(Answer) (Category) OpenLDAP Faq-O-Matic : (Category) OpenLDAP Software FAQ : (Category) Configuration : (Category) SLAPD Configuration : (Category) Backends : (Answer) What is a backend?
A backend is a storage type, i.e. the type of a database; think of a variable declaration:
    int i;
where int, the type, is the backend, and i, the name, is the database.

Configuration directives appearing after a

    backend <type>
directive refer to all instances of that backend type.

Slapd implements different types of backends; other types can be user-defined.

Backends can be roughly grouped in three distinct groups:

  • backends that actually store data
  • backends that proxy otherwise stored data
  • backends that generate data on the fly

(The following mostly refers to 2.2 and later versions)

The first group contains bdb, hdb and ldbm:

  • bdb uses Berkeley's Sleepycat (at least 4.2.52 with patches) as storage, taking advantage of specific ACID features;
  • hdb shares most of the code with bdb, but uses a hierarchical in-memory organization of the tree structure, which is not saved on disk in index files. As such, it can be much more efficient at writing, with the penalty of requiring a bit longer at startup to recreate the indices. Eventually, it will replace bdb;
  • ldbm uses a neutral storage interface which in principle could wrap dbm, ndbm, gdbm or sleepycat as underlying storage; however, only Sleepycat is considered a reliable choice, so bdb offers more interesting features (ACID). Eventually it will disappear.

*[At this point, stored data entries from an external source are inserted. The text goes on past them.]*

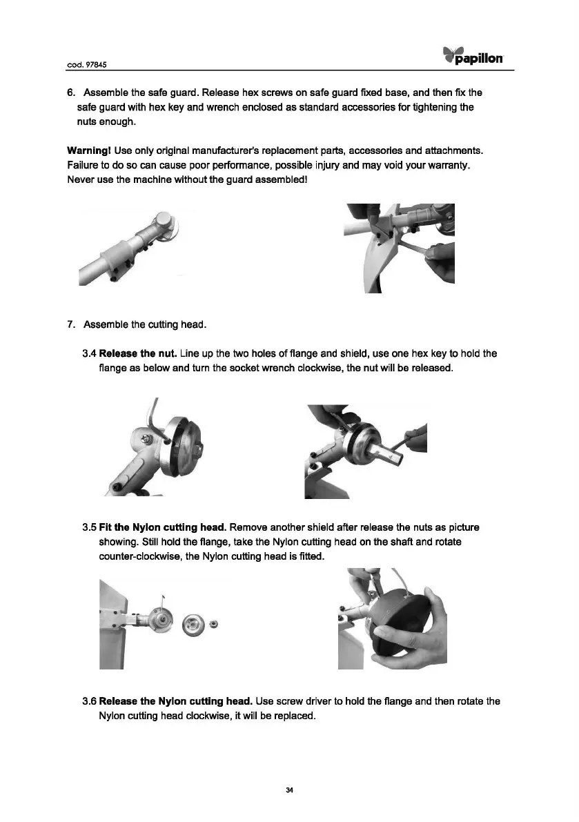 3.5 Fit the Nylon cutting head. Remove another shield after release the nuts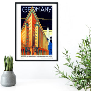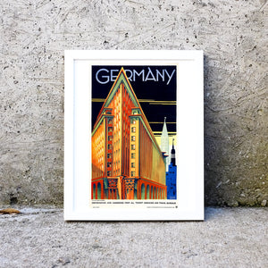 Vintage travel decor print. Germany wall art illustration print which has been taken from the original art deco poster and restored for a fresh retro travel print.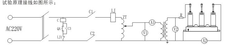按原理圖將相關(guān)儀表和設(shè)備連接好。測(cè)試前應(yīng)首先將電流繼電器LJ的整定值調(diào)至最小值(作為后備保護(hù)),然后將試驗(yàn)變壓器空載升壓,電流繼電器LJ應(yīng)不動(dòng)作,將數(shù)字電流表A1的雖程調(diào)至5?20A(5KVA及以下容里試驗(yàn)變壓器可不加限流電阻Rl。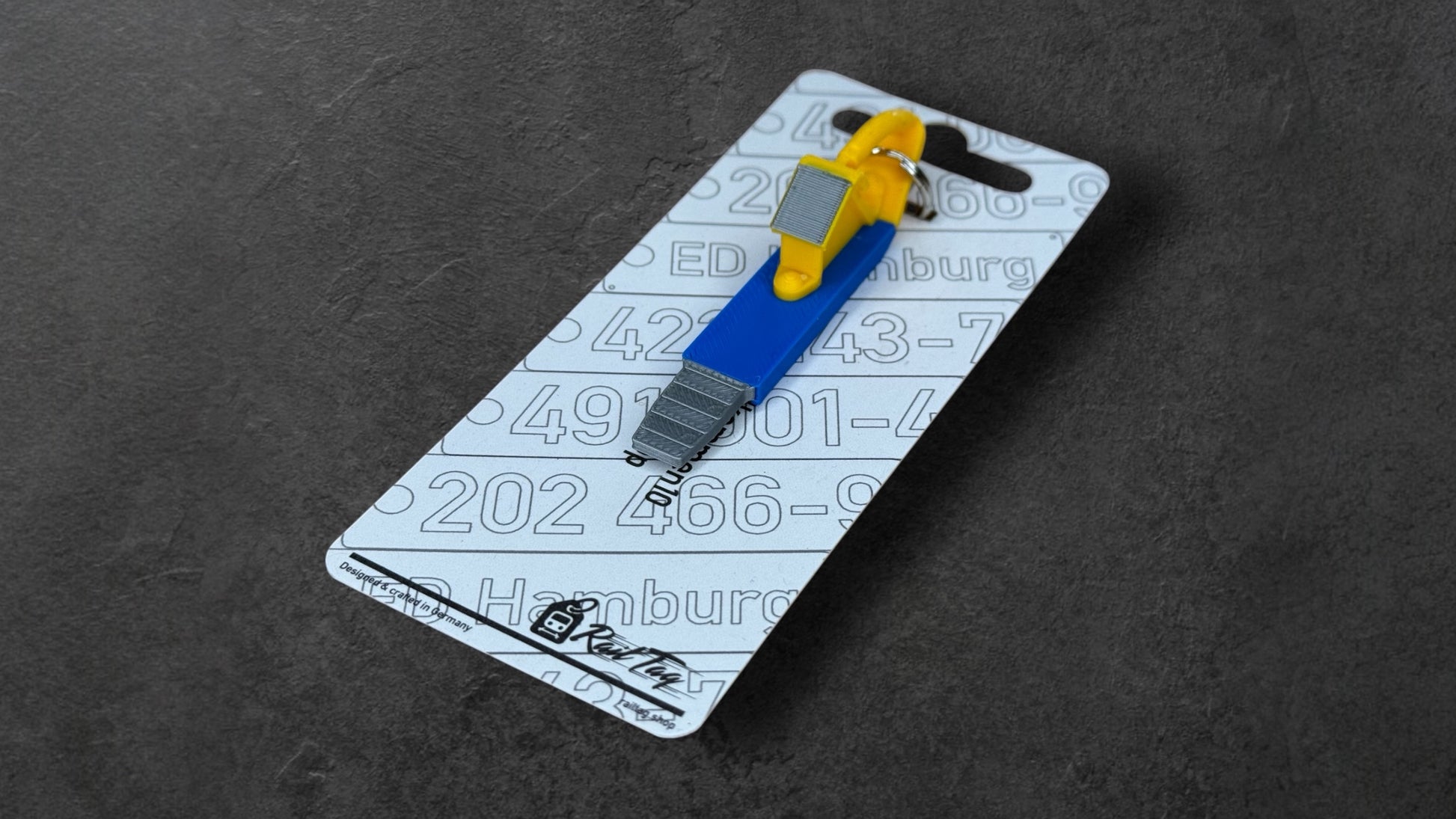 This detailed keychain in the shape of a classic railway brake shoe is the perfect accessory for railway enthusiasts and collectors. It combines nostalgic railway history with modern 3D printing technology.

The second group contains ldap, meta, relay and sql:

  • ldap: proxies a remote DSA;
  • meta: proxies a pool of remote DSAs, sharing (part of) the naming context;
  • relay: proxies a local database; is used to create virtual views of real databases.
  • sql: maps an existing RDBMS into a DSA (with limitations);

The third group contains dnssrv, monitor, null passwd, perl and shell (tcl is no longer supported):

  • dnssrv: returns referrals according to DNS SRV mappings (RFC 2782) ;
  • monitor: returns monitoring info;
  • null: compare always returns false; bind always fails; search is always successful, but returns no results; all write operations are always successful, but data is simply discarded; inspired by /dev/null.
  • passwd: maps binds, searches and compares to /etc/passwd contents;
  • perl: allows to execute a set of perl scripts to perform each operation;
  • shell: allows to execute a set of shell scripts to perform each operation;

See What is a database? and slapd-<backend> for details.